Stored data
========================================

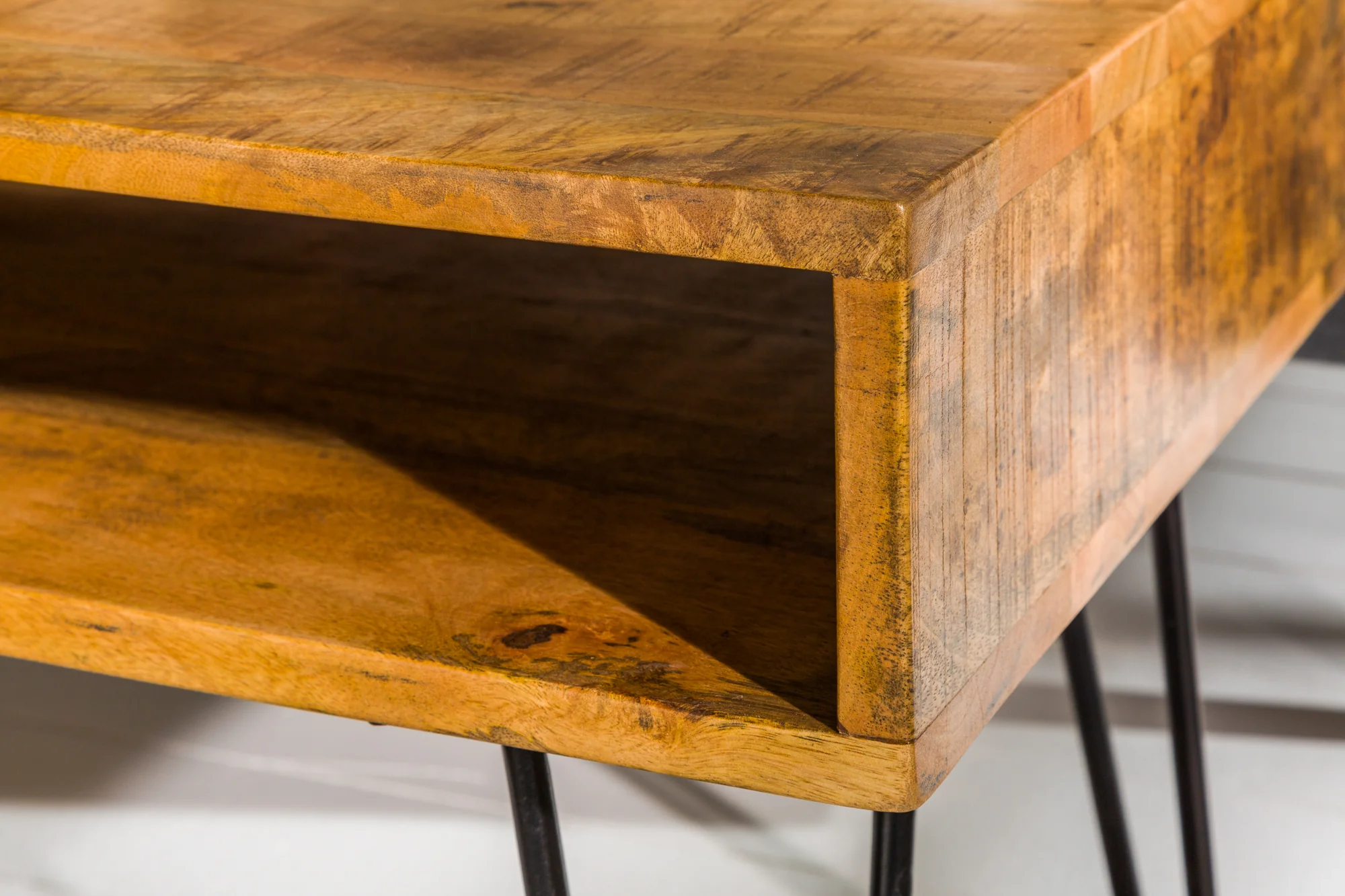A stylish mango wood coffee table with a lower shelf and industrial hairpin legs, ideal for adding warmth and functionality to your living space.
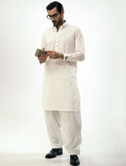 WhiteKameez Shalwar withan innovativethread detail on collar and cuff. For those who prefer a bit of detail.
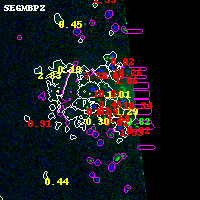 Object #8306 x,y = (7418, 4077) RA, Dec = (04:53:55.776, 02:55:56.64) = (73.48240, 2.93240) BPZ = 3.447 [3.244--3.595] type = 11.00 (SB11_A_0_l) chisq2 = 43.33 ODDS = 0.95 z_cluster = 0.203
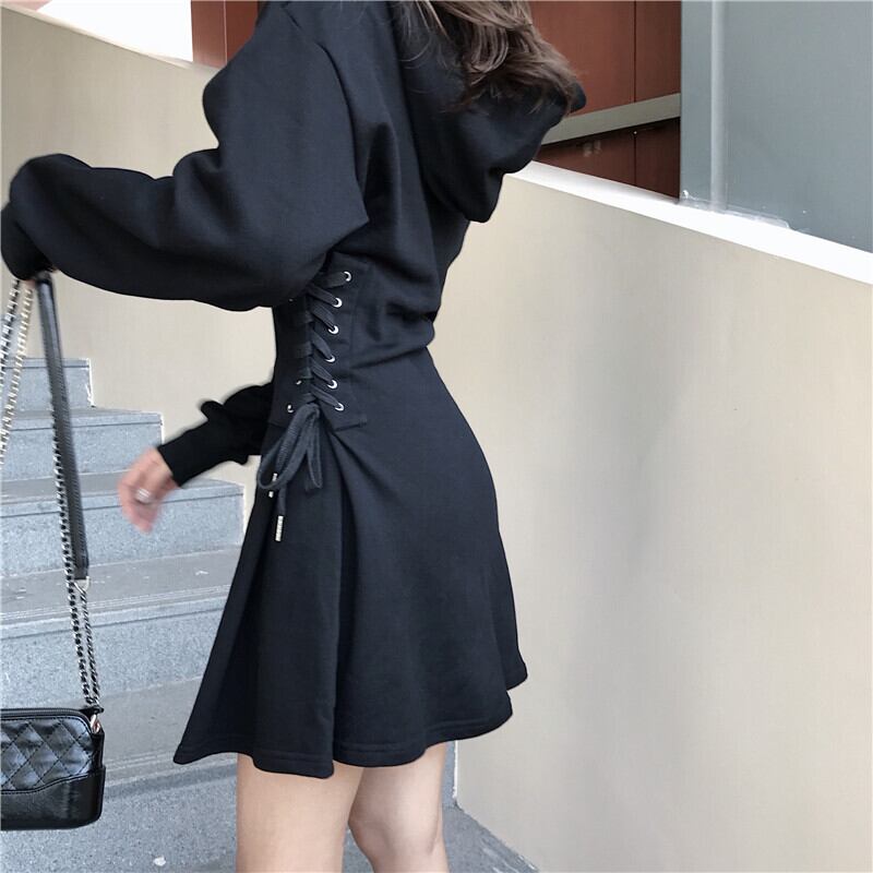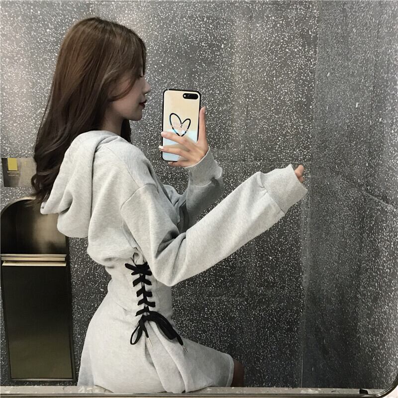 フードプルオーバー ソリッド カラードレス ウェストバンドスタイルカジュアルセーター サマー 夏物 ソリッドカラー YY-ファッション83426965691
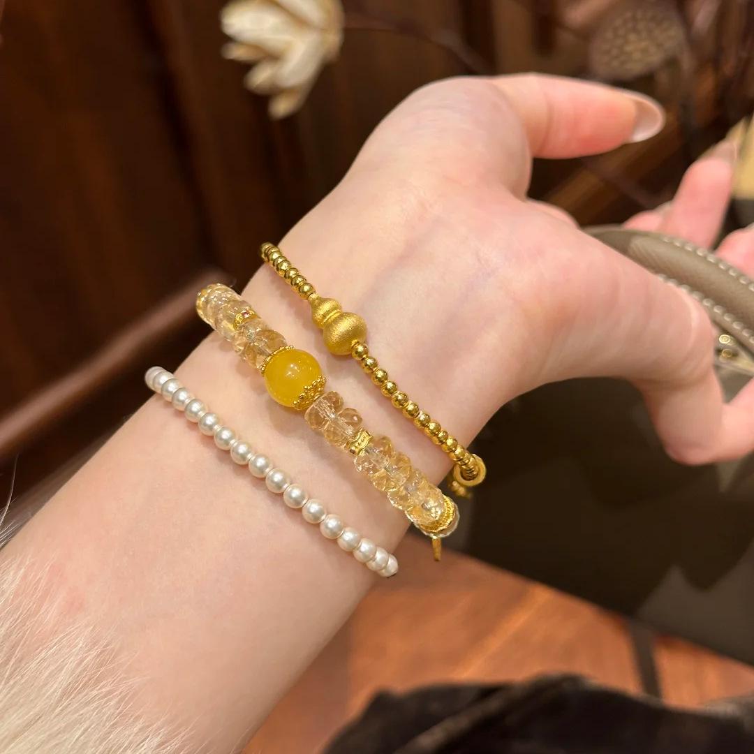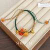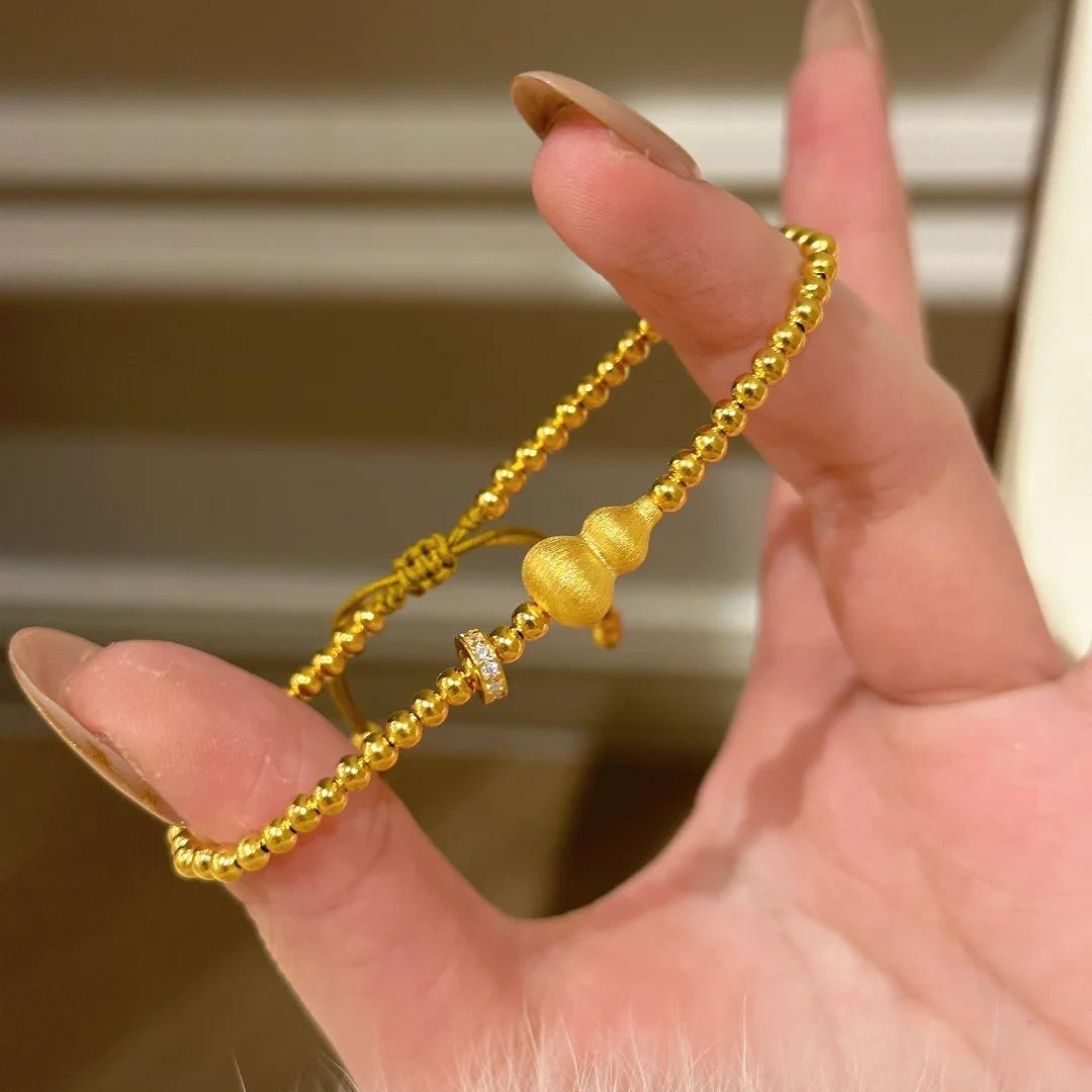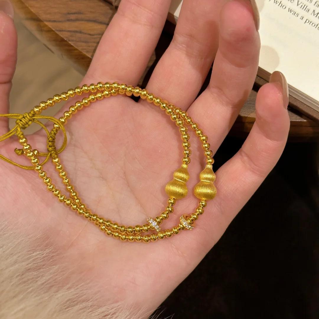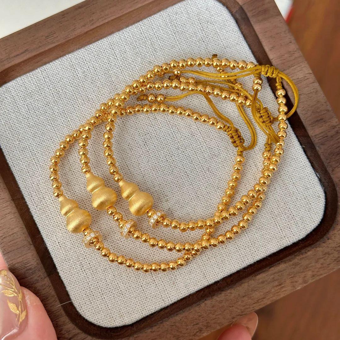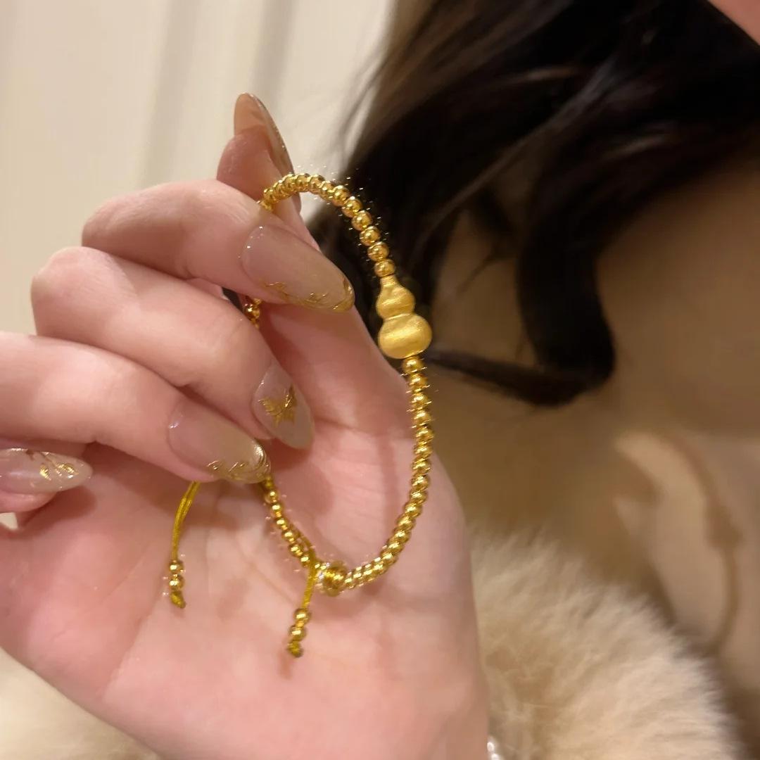 Pulsera de Calabaza Cepillada de Estilo Nacional Chino Nuevo Pulsera de Cuerda Tejida a Mano de Alta Gama con Cuentas de Luz Pulsera Ajustable de Tirar Pulsera para Mujer
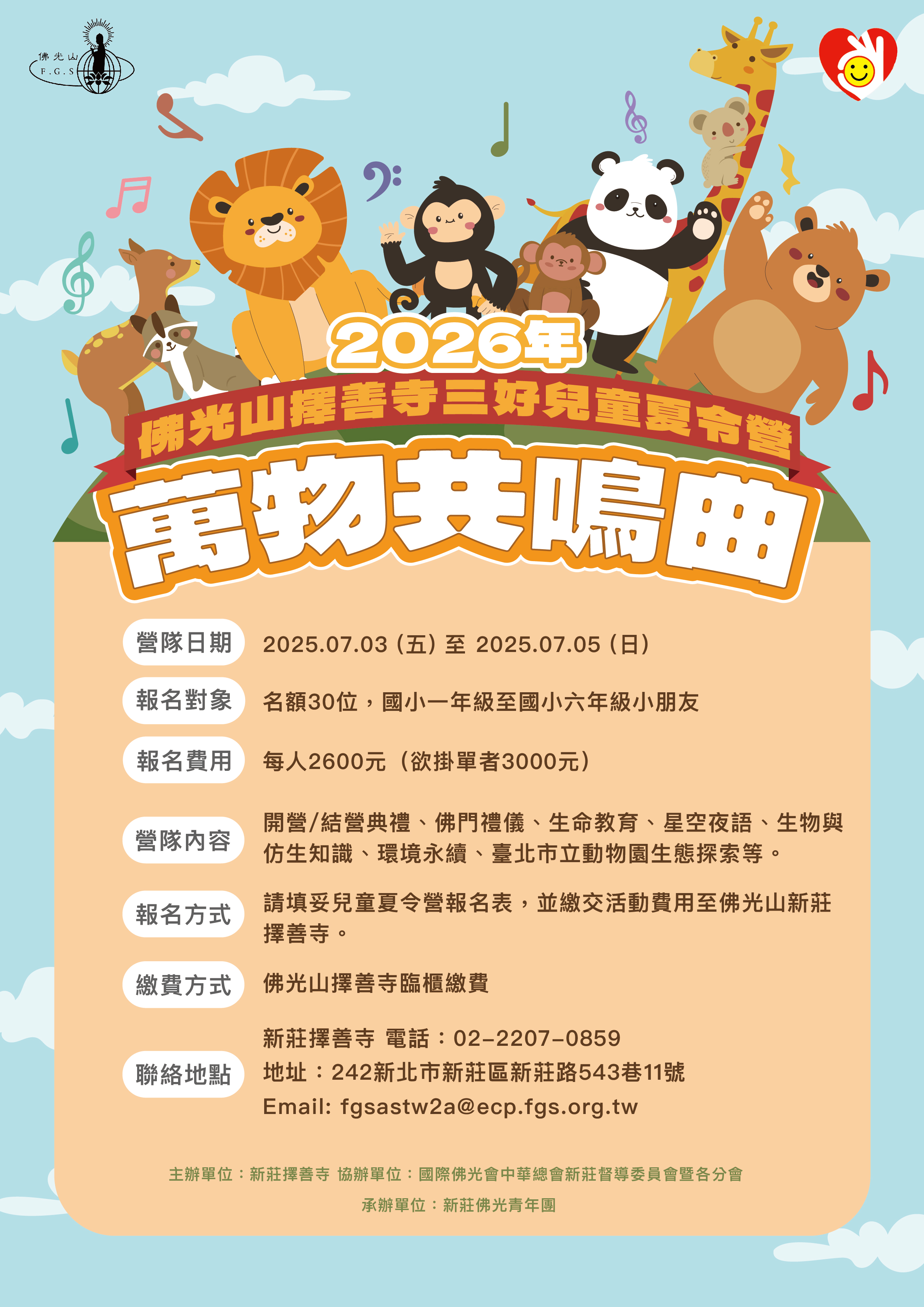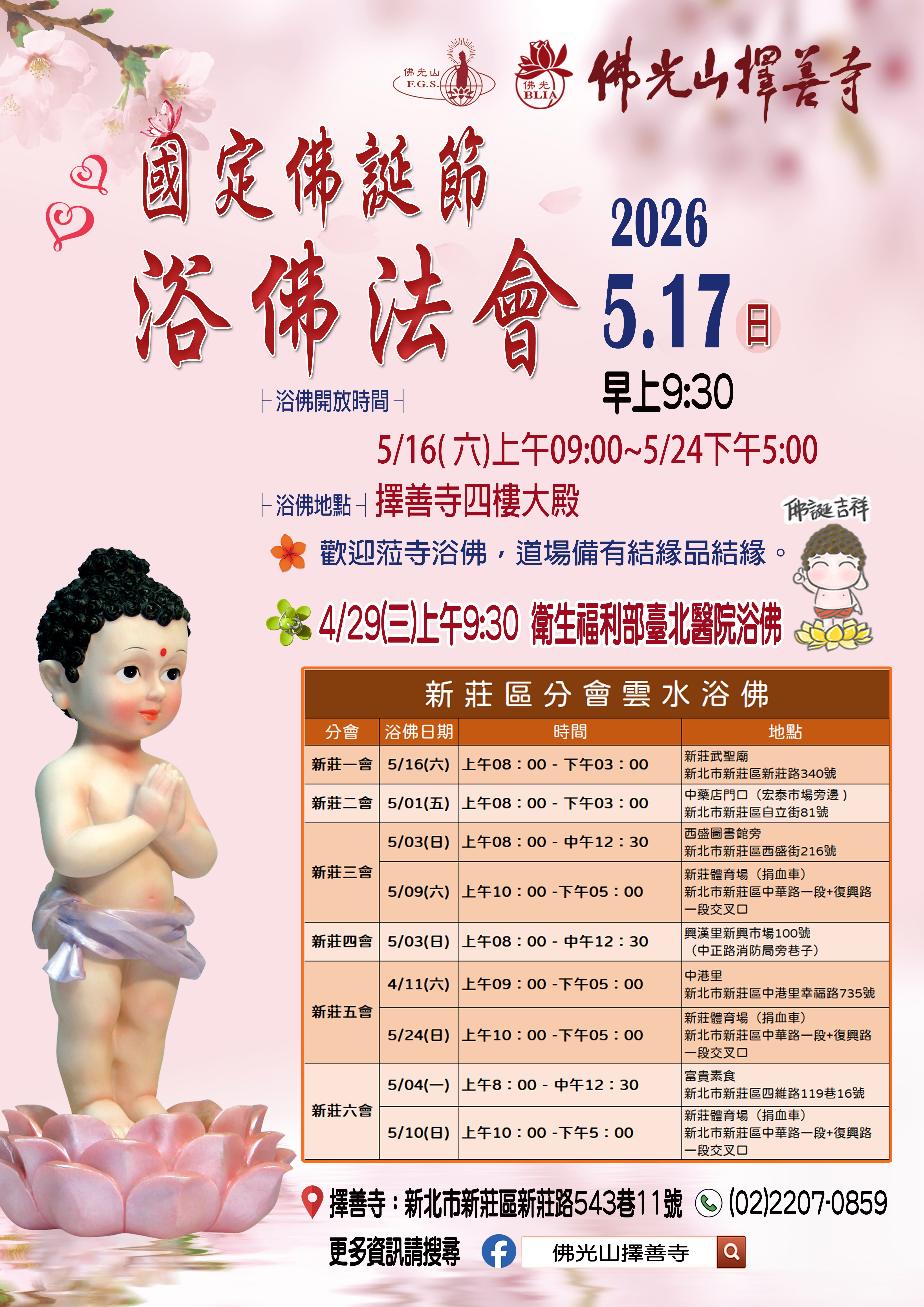 近期活動首頁活動訊息近期活動 2026/04/20 posted2026擇善寺.新莊區佛光會雲水浴佛活動2026/04/20 posted🌟2026年佛光山擇善寺三好兒童夏令營🌟🎵《萬物共鳴曲》熱情招生中!2026/03/14 posted擇善寺佛學講座-圓滿生命的教育-慧昭法師2025/12/16 posted👍佛光山擇善寺2026年1-3月行事曆出爐了👏👏2025/09/22 posted👍佛光山擇善寺2025年10-11月行事曆出爐了👏👏 觀看活動回顧

========================================

*WORK REQUEST*.
Set down every line above exactly, pictures excluded.

*SOLUTION BELOW*.
A stylish mango wood coffee table with a lower shelf and industrial hairpin legs, ideal for adding warmth and functionality to your living space.
 WhiteKameez Shalwar withan innovativethread detail on collar and cuff. For those who prefer a bit of detail.
 Object #8306 x,y = (7418, 4077) RA, Dec = (04:53:55.776, 02:55:56.64) = (73.48240, 2.93240) BPZ = 3.447 [3.244--3.595] type = 11.00 (SB11_A_0_l) chisq2 = 43.33 ODDS = 0.95 z_cluster = 0.203
 フードプルオーバー ソリッド カラードレス ウェストバンドスタイルカジュアルセーター サマー 夏物 ソリッドカラー YY-ファッション83426965691
 Pulsera de Calabaza Cepillada de Estilo Nacional Chino Nuevo Pulsera de Cuerda Tejida a Mano de Alta Gama con Cuentas de Luz Pulsera Ajustable de Tirar Pulsera para Mujer
 近期活動首頁活動訊息近期活動 2026/04/20 posted2026擇善寺.新莊區佛光會雲水浴佛活動2026/04/20 posted🌟2026年佛光山擇善寺三好兒童夏令營🌟🎵《萬物共鳴曲》熱情招生中!2026/03/14 posted擇善寺佛學講座-圓滿生命的教育-慧昭法師2025/12/16 posted👍佛光山擇善寺2026年1-3月行事曆出爐了👏👏2025/09/22 posted👍佛光山擇善寺2025年10-11月行事曆出爐了👏👏 觀看活動回顧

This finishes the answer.